Expect these leaders to continue to weave AI into the fabric of their supply chains as solutions providers roll out new iterations of their products based on ever more powerful large language models (LLMs), the AI engines trained on vast amounts of domain‑specific data to understand queries in natural language, generate text answers and—in the case of agentic AI—execute tasks without human supervision.
Blaxtair, whose pedestrian detection system currently provides users with a dashboard where they can view safety data and key performance indicators (KPIs) collected by the AI‑assisted camera vision technology mounted on forklifts and other vehicles, expects to offer a GenAI‑based application by 2026 that will allow managers to ask questions of the system in natural language to uncover potential safety issues that need to be addressed.
Additional advances expected in 2026 will expand the system’s ability beyond pedestrian detection to report on any anomalies in the warehouse—a pallet blocking a door, for example—that could pose a safety hazard, Gayraud said.
Similarly, GreyOrange, the maker of warehouse optimization software, is looking to bring to market in early 2026 GreyMatter DeepNav, an AI‑powered solution for dynamically managing and optimizing autonomous robotic operations at scale, representing a “fairly big jump” in the company’s multi‑agent orchestration capabilities, according to GreyOrange CEO Akash Gupta.
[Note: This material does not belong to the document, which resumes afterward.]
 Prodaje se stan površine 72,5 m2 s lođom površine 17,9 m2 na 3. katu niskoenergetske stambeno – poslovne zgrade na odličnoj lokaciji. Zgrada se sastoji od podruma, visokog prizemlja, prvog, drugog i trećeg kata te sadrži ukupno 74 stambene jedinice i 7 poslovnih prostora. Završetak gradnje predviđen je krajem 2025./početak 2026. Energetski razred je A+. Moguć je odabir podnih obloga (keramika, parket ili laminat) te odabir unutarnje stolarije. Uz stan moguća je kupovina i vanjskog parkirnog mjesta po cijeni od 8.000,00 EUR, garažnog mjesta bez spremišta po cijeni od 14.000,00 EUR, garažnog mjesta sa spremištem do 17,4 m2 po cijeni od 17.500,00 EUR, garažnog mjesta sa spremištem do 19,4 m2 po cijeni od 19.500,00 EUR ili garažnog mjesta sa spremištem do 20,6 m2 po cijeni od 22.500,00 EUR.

Developed in collaboration with Google Cloud, the new product is intended to streamline the time‑consuming and expensive task of adding or adjusting the use of automated mobile robots in a company’s fleet. GreyOrange’s current estimates suggest that the technology will cut AMR deployment times up to 80%, even when managing large fleets of AMRs from multiple vendors.
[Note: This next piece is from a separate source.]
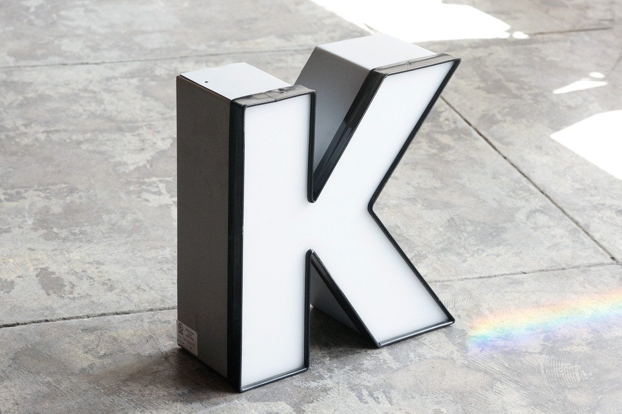 Excellent vintage channel letter "K" in white with black trim and grey frame. Graphic boxy font. Ready-to-hang straight on the wall or arrange as an accent piece. This letter is extra-large and in good vintage condition.

AutoScheduler’s new “decision agent” is a standalone addition to the company’s core decision optimization platform and became available to the broader market in early October after being proven through use by PepsiCo and other select “power users.”
While the core platform previously could initiate a workflow into a WMS only with manual approval, the decision agent provides the capability to automate the workflow without human intervention.
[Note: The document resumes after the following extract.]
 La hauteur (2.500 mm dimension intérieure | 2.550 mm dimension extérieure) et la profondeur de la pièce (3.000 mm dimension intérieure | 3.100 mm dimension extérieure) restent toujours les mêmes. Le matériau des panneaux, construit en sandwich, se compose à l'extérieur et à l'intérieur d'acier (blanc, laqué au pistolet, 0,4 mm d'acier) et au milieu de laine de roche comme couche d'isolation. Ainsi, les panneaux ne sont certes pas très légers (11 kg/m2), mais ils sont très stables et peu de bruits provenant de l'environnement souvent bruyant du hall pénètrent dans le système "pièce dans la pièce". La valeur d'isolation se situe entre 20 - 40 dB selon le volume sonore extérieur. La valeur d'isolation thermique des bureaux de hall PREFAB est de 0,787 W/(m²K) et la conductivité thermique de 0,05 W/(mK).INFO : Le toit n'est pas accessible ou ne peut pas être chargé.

“It is a true agent,” Moore said. “You used to have to go into a user interface and right‑click on ‘Approve’ and then it would go and trigger the workflow and do all of the work and release it on the floor. Now an agent can automatically do that.”
Symbotic, which, in addition to using AI and machine learning to continuously improve the routing and accuracy of its intelligent SymBots and fully integrated solutions, is now leveraging AI for demand planning and forecasting and also exploring how it can use AI to compress the time‑to‑value for clients when deploying warehouse automation systems.
“As a leading full warehouse automation integrator, original equipment manufacturer (OEM) of robotic technology and AI company, we see firsthand the extreme positive effects AI has on many companies’ bottom lines. There are a lot of robots out there that have fantastic physical capabilities, but if the intelligence of the robot—and the full system it lives in, for that matter—is limited, it will directly limit your gains,” Alexander said. “Just like running a team, if you hire the best and have them work together, collaborate and learn, they will start to predict, plan ahead and deliver more effectively with higher quality. Robots with static intelligence will always fall behind.”